Carlo
Danelon*
Se avessi indossato una cravatta, quando ho letto i dati di “Eduscopio”, avrei allentato il nodo. Poi ho capito che si tratta soltanto di una classifica, una retta che ordina i risultati di una competizione. Dunque di una forma estranea, se non contraria, alla cultura. Al che avrei stretto di nuovo il nodo della cravatta e sarei tornato alle mie quotidiane occupazioni. Dalle quali, del resto, non è esclusa una certa competizione: ma questa non bisogna temerla. Anzi. È necessario che valichi i confini della scuola e coinvolga l’intera società: sarà proprio la competizione a salvare dal tracollo una comunità sfibrata dalle classifiche.
È sufficiente che si fondi sul confronto di idee nei termini della ragione e in nome del bene comune. Allora chi compete non allenta il nodo della cravatta, ma si assicura che esca bene la voce. Questo avviene al Carducci in occasione del “debate”, una sfida dialettica tra classi. E questo, in fondo, è anche lo scopo del liceo classico. L’importanza della pluralità di idee e del confronto dialettico rendono l’istruzione classica nemica delle rette. A dimostrarlo, la storia di tutte le sue discipline, una storia di influenze, contaminazioni, echi, deviazioni. Ma cosa può essere più lineare ed estraneo alle deviazioni, alle influenze, in una parola alla cultura, della didattica a distanza? Nulla.

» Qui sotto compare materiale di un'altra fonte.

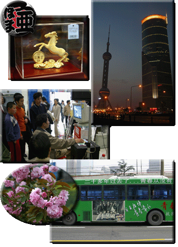 | 中国の長い歴史の中で、わずか30年ほどで、 14億人の中国国民の経済レベルをとりあえず同 レベルにしたのは、ひとえに共産党の活躍に他な らない。10年ほど前、中国共産党の幹部が話し ていた。確かに文化大革命によって貧富の差を是 正し、この数年間で、一気に解放路線を引いて来 た結果が、今の中国の発展を促したのは間違いが 無いが、都市部と農村部の格差はここに来て益々 大きくなってきたのも歪めない事実だ。街には豊 富な商品と、豊かな人が溢れ、年輩の人達は、金 銀宝飾店で競って宝飾品を買いあさる。若者は、 年収の2倍以上もするパソコンに群がり。いつも 品薄の状態なのだとか。今回は僅か2泊3日の滞 在だったが、大きく変わり、更に大きく発展する 中国の息吹を肌で感じた。 今回泊まっている金茂飯店は、黄浦江のほとり に建っているので、夜寝ていても黄浦江を通る大 型船の霧笛が聞こえる。また、夜中であっても何 かの工事の音がひっきりなしに聞こえてくる。そ んな喧噪の中、昨夜は強烈な落雷の音で目が覚め た。窓外を眺めると、日本では見たこともない強 大な稲妻が上海市内に降り注いでいる。普段の雷 なんかは、怖くもなんともないあほまろだが、こ の巨大な稲妻を、地上64階の窓から眺めている と、急に背筋が寒くなる感覚が襲いかかる。もし このビルに落雷が来たらどうしよう。そうだ、非 常階段の位置を確かめて居なかった。慌てて着替 え、ホテルの非常階段を確かめに飛び出すほどだ った。 そんな訳で、上海最後の夜は寝不足状態で明け た。今日は、仕事も無くこれから市内のデパート にでも行って何かおみやげでも買ってから空港に 向かうことにする。この2日間、浅草日記が浅草 からの発信ができなかったが、明日はまたモモち |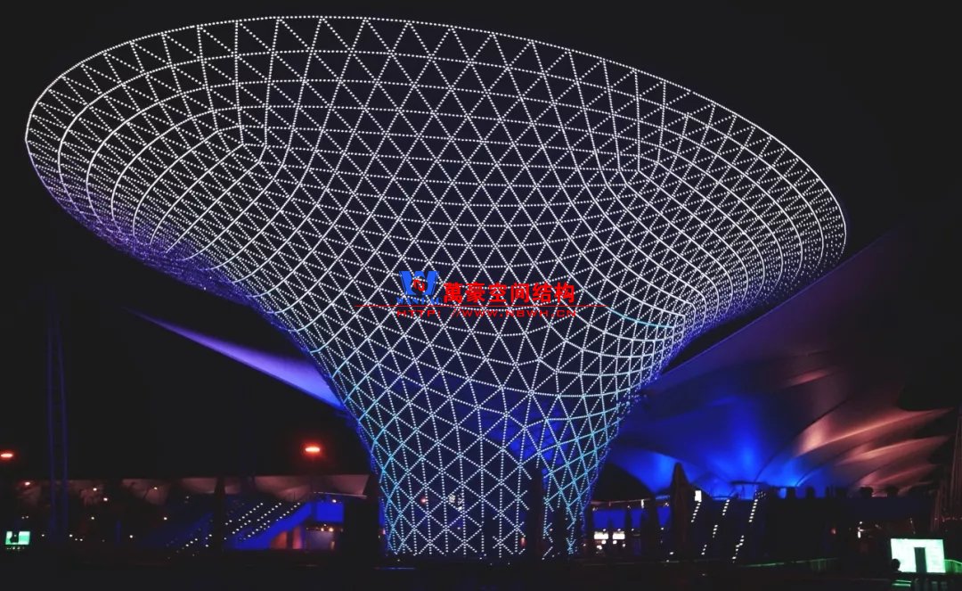 對于跨度比較小的天幕,采用單向梁或交叉梁即可實(shí)現(xiàn)。這一類天幕的結(jié)構(gòu)創(chuàng)新主要體現(xiàn)的網(wǎng)格布置、截面形式和節(jié)點(diǎn)細(xì)節(jié)方面。例如,網(wǎng)格布置可以是三角形、四邊形、聯(lián)方形、六邊形等等。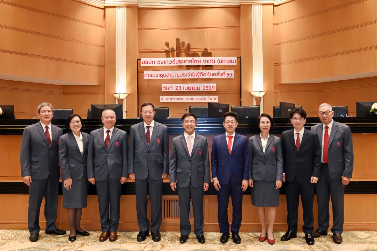 นายอดิศักดิ์ สุขุมวิทยา ประธานกรรมการ (กลาง) พร้อมด้วยนายนราธิป วิรุฬห์ชาตะพันธ์ (ที่ 4 จากขวา) กรรมการผู้จัดการใหญ่ และคณะกรรมการ บริษัท ซิงเกอร์ประเทศไทย จำกัด (มหาชน) หรือ SINGER จัดประชุมสามัญผู้ถือหุ้นประจำปี 2569 ในรูปแบบ Hybrid โดยที่ประชุมมีมติอนุมัติครบทุกวาระ สะท้อนความเชื่อมั่นต่อทิศทางธุรกิจในปี 2569 ที่เริ่มเห็นสัญญาณการเติบโตที่แข็งแกร่ง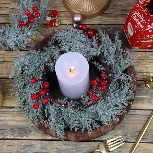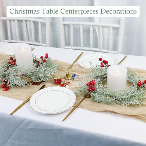 LARDUX 2 anelli natalizi per candele, ghirlande con bacche di pino artificiali, fiocco di neve, per tavolo da pranzo, candelieri, centrotavola, decorazione natalizia per la casa e le vacanze
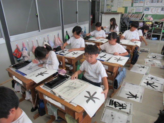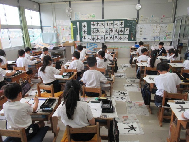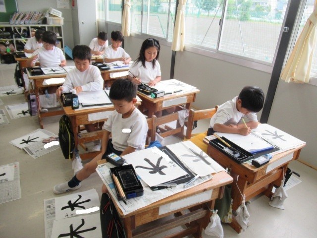 3年生の書写の授業の様子です。この時期は、「席書コンクール」があり、どの学年も取り組んでいます。3年生は、「木」という字に挑戦です。一文字なので簡単なように思えますが、止めやはらいなど、習字の基本がいっぱい詰まった字です。3年生になって習字を始めた子も多いので、大変かもしれませんが、どの子も集中して良い字を書こうと取り組んでいました。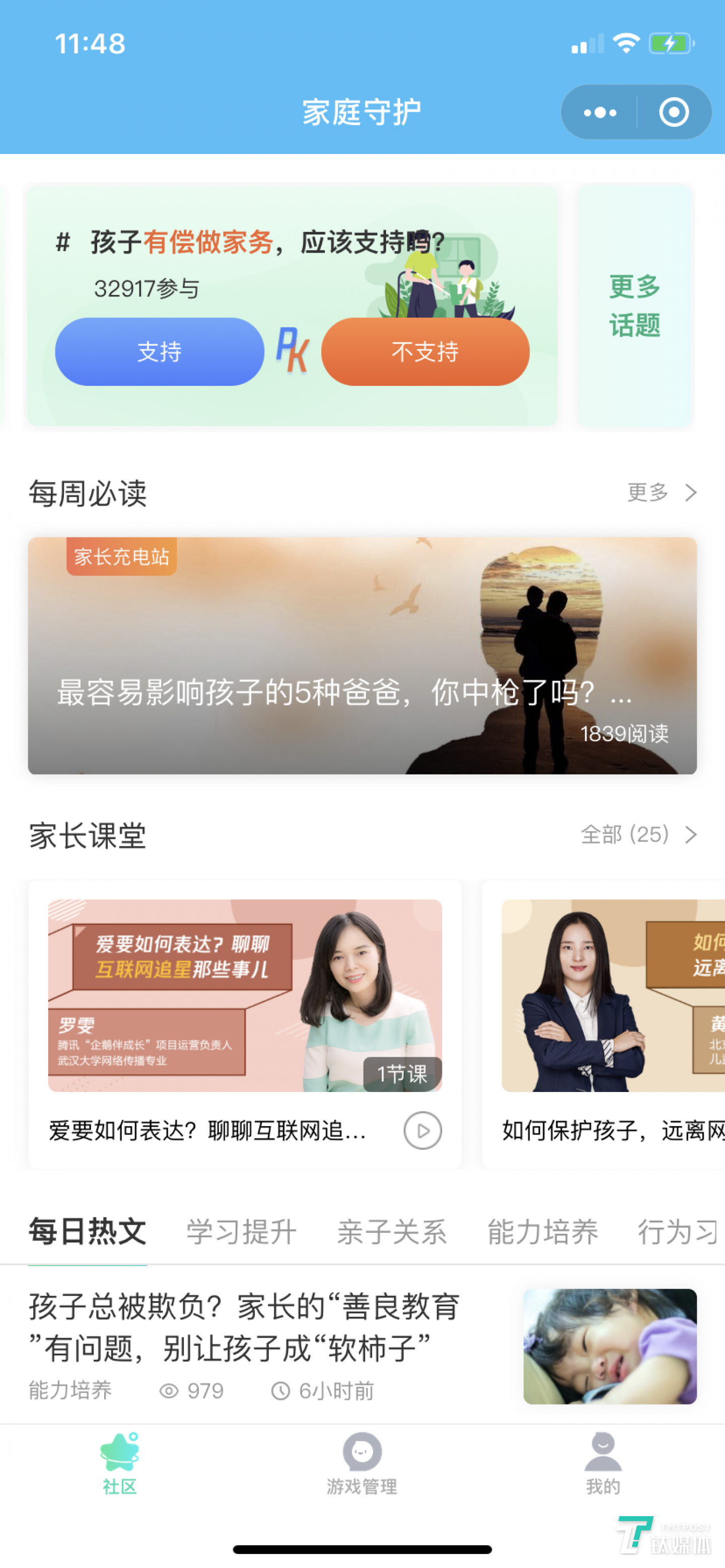 成长守护平台中藏着Lanky团队的小心思,打开【成长守护】模块的【家庭守护】功能,第一个页面并不是孩子的游戏时长管理,而是大量关于网络素养、亲子关系、家庭沟通等内容与课程,这些均是免费内容。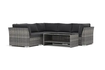 Bahamas utendørs hjørnesofa 5-seters vendbar med åpen avslutning og bord med hylle, Grå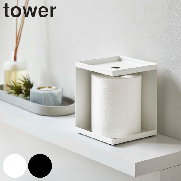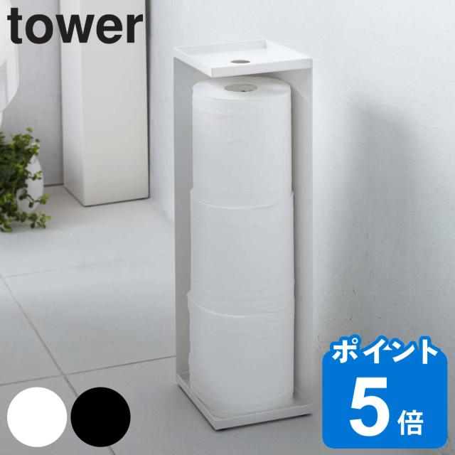 tower トレイ付きトイレットペーパースタンド タワー ( 山崎実業 タワーシリーズ トイレ収納 スリム トイレットペーパー ストッカー 収納棚 収納ラック トイレットペーパーホルダー )

Ha portato i difetti del nostro sistema scolastico al parossismo: è il luogo dov’è possibile zittire e oscurare l’interlocutore, difficile non ignorarlo. Se avessi indossato una cravatta, quando ho saputo che avremmo lasciato le aule scolastiche avrei stretto il nodo in un moderato istinto suicida. L’abbiamo pensato tutti, noi che, pur nell’impagabile pluralità della scuola pubblica, siamo accomunati dalle imposizioni dei genitori, dall’ossessione per il curriculum o dalla predilezione per le materie umanistiche. Io, per esempio, scelsi questa scuola perché amavo la letteratura e odiavo il disegno tecnico. In fondo, anch’io sono nemico delle rette.